Moving on, one of the interesting things about the latter idea — that the “facility” was the communications method being used on these messages before they were transmitted through Yahoo e-mail — is that it would essentially be one kind of content contained within another kind of content: The content of the actual message is contained in the special technique, which is in turn contained in an ordinary e-mail; as a result, lots of emails’ contents must be scanned to find the targeted ones. Marcy draws a link between that concept and another unresolved legal problem with surveillance that collects packet-based communications: data packets come in layers, like a series of envelopes wrapped in other envelopes, so what is technically content at one point in transmission becomes metadata at another. For example, one layer may say “send this packet from a Gmail server to a Yahoo server,” and the next layer (not normally examined until it gets to Yahoo) may say “place this message in Charlie’s Yahoo account inbox.” This may be important because in constitutional law, stuff that is considered the content of communications is protected by the Fourth Amendment, whereas mere addressing metadata, because it it shown to a third party, does not implicate privacy rights. So if you intercepted the packet at an AT&T switch as it is in transit from Gmail to Yahoo, only the fact that it is routing to Yahoo in general might be deemed the addressing metadata because that layer is all that anyone intended for AT&T to look at; the e-mail header envelope/layer is still sealed inside and is not intended for AT&T’s consumption. If you intercepted the packet at Yahoo, however, the fact that the message is addressed to Charlie’s Yahoo account, specifically, becomes merely metadata because it was intended for Yahoo to look at that envelope/layer. The best write-up I’ve seen about how this technical issue might have constitutional implications is by Julian Sanchez here, but as far as I can tell the FISA Court has never addressed it. (It flicks at this problem in footnote 7 of a ruling declassified in August which was about using a pen register to collect digits dialed after a phone call is already connected, but only to say it is not addressing legal issues raised by using a pen register with Internet technology in that opinion.)

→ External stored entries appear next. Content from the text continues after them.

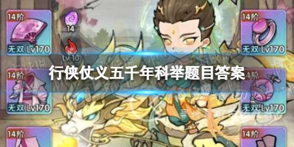 行侠仗义五千年科举题目答案[玩转游戏]行侠仗义五千年科举需要玩家回答问题 答对的越多奖励越多 下面小编为大家带来了行侠仗义五千年科举题目答案 需要的小伙伴快来看看吧 行侠仗义五千年科举题目答案 三国时期被誉为 义绝 的武将是哪位 回答...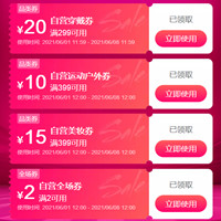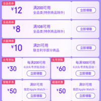 天猫618超级红包,每满200减30,最高618元红包(每天三次,人人可领);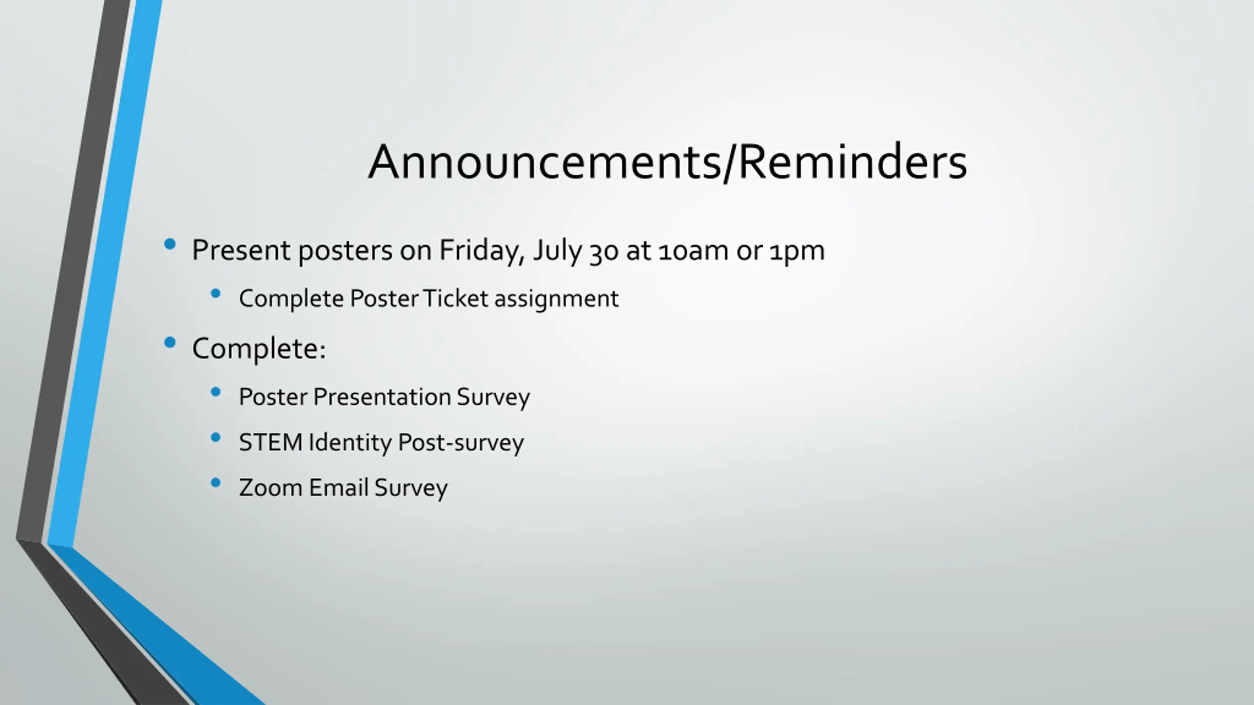 Announcements/Reminders Present posters on Friday, July 30 at 10am or 1pm Complete Poster Ticket assignment Complete: Poster Presentation Survey STEM Identity Post-survey Zoom Email Survey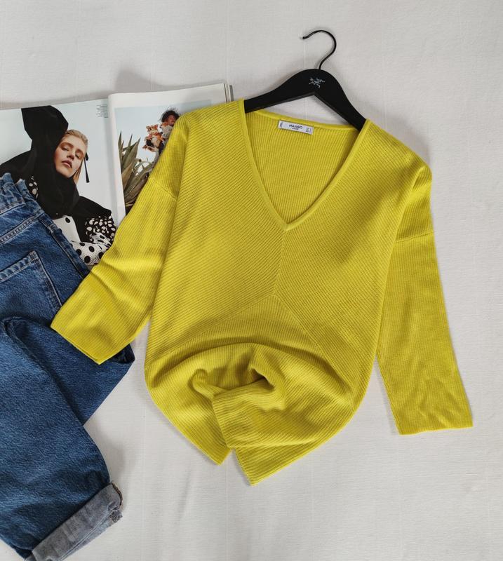 яркий желтый свитер Mango свободного кроя с рукавом 3/4, размер М, ПО груди 53 см, длина 64 см, длина рукава от горловины 53 см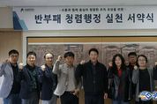 원스텝뉴스 이병희 기자 | 수원문화재단은 ‘청렴행정 실천 서약식’을 개최하고, 조직 전반에 청렴 가치를 확산하기 위한 실천 의지를 다졌다. 이날 행사에서는 곽도용 대표이사를 비롯한 10여 명의 부서장들이 참석해 청렴행정 실천 서약서를 낭독하고, 청렴행정의 중요성을 공유하며 공직자로서 갖추어야 할 기본 가치에 대해 공유했다. 청렴 실천 의지를 다짐하기 위해, 서약서에는 ▲법과 원칙 준수 ▲부당 청탁 및 금품 수수 금지 ▲사적 이해관계 배제 및 이해충돌 방지 ▲갑질 근절 ▲인권존중 조직문화 조성 등의 내용을 담았다. 청렴행정 실천 서약식 이후, 수원문화재단 전 직원 역시 청렴행정 실천 서약서 서명에 동참했다. 이를 통해 업무를 수행하는 과정 전반에 걸쳐 청렴한 태도와 인권을 존중하는 문화 조성 등 건강한 조직문화 정착을 위한 동참을 다짐했다. 수원문화재단 곽도용 대표이사는 “청렴은 선택이 아닌 필수이며, 특히 고위직이 먼저 실천할 때 조직의 신뢰도를 높일 수 있다”며, “수원문화재단 전 직원의 다짐으로 건강한 조직문화와 지속가능한 경영을 지속해나가겠다”고 말했다. 수원문화재단은 향후 참여형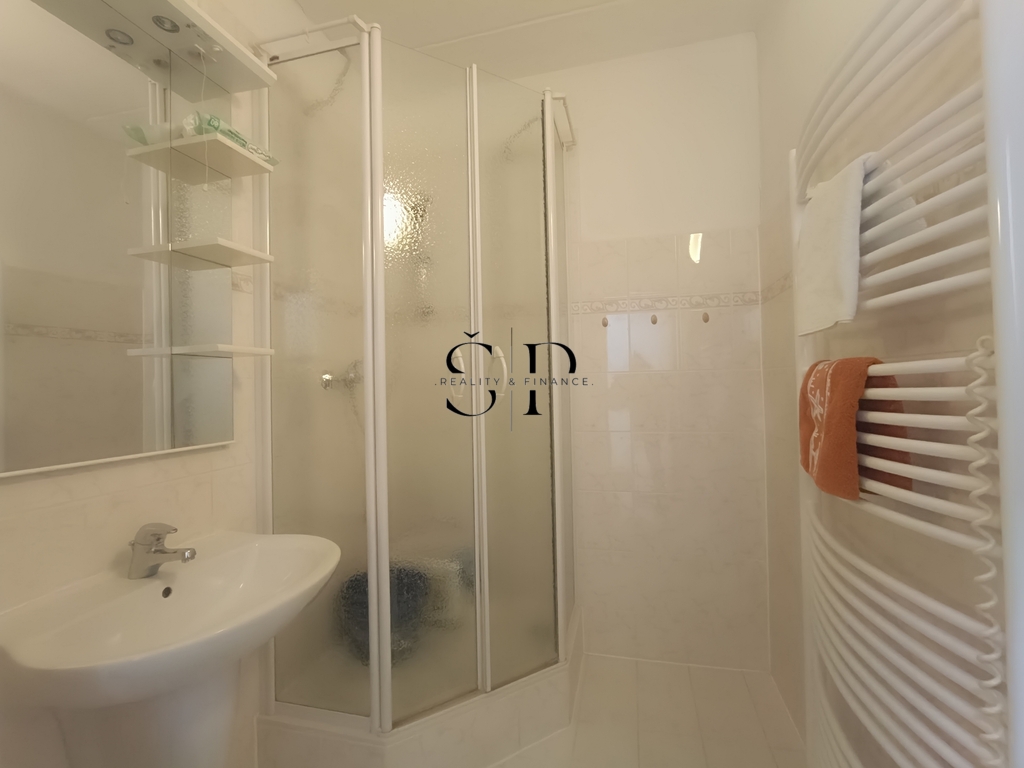 Koupelna disponuje sprchovým koutem, vanou a umyvadlem.

That leads me to my last point in reaction to Marcy’s post. In wrapping up her (in my view correct) point that there is public precedent for traditional FISA (content) orders to involve an elongated understanding of “facility” and bulk scanning systems, she makes a passing reference to the famous 2004 hospital crisis over Stellarwind: “These scans likely replicate the problem identified in 2004, in that the initial scan is not of things that count as metadata to the provider doing the scan.” I understand her to be saying that the 2004 crisis — one feature of which was a dispute over whether the bulk e-mail metadata collection bucket was lawful — involved the problem of this blurry line between technical content and technical metadata described in the above paragraph: collecting e-mail headers from AT&T switches was gathering content.

I think that her premise here is incorrect: I have found no evidence that anyone involved in the 2004 crisis was thinking about the technical content/metadata issue and the Fourth Amendment issues it may raise. Rather the problem identified in 2004 was statutory. Under FISA, installing a device on a network to collect metadata related to communications counted as “electronic surveillance” (i.e. the thing regulated by FISA’s court order requirement isn’t always about “content”) and therefore needed a court order, and the new leadership at the Office of Legal Counsel in 2004 didn’t think a president’s wartime powers could trump or displace what FISA said was necessary here because the collection was bulk domestic rather than targeted at individual foreign wartime enemies. See “Power Wars” chapter five, section 6 (“Stellarwind”), 8 (“The Hospital Room Crisis”), and 9 (“Legalizing Bulk Data Collection”).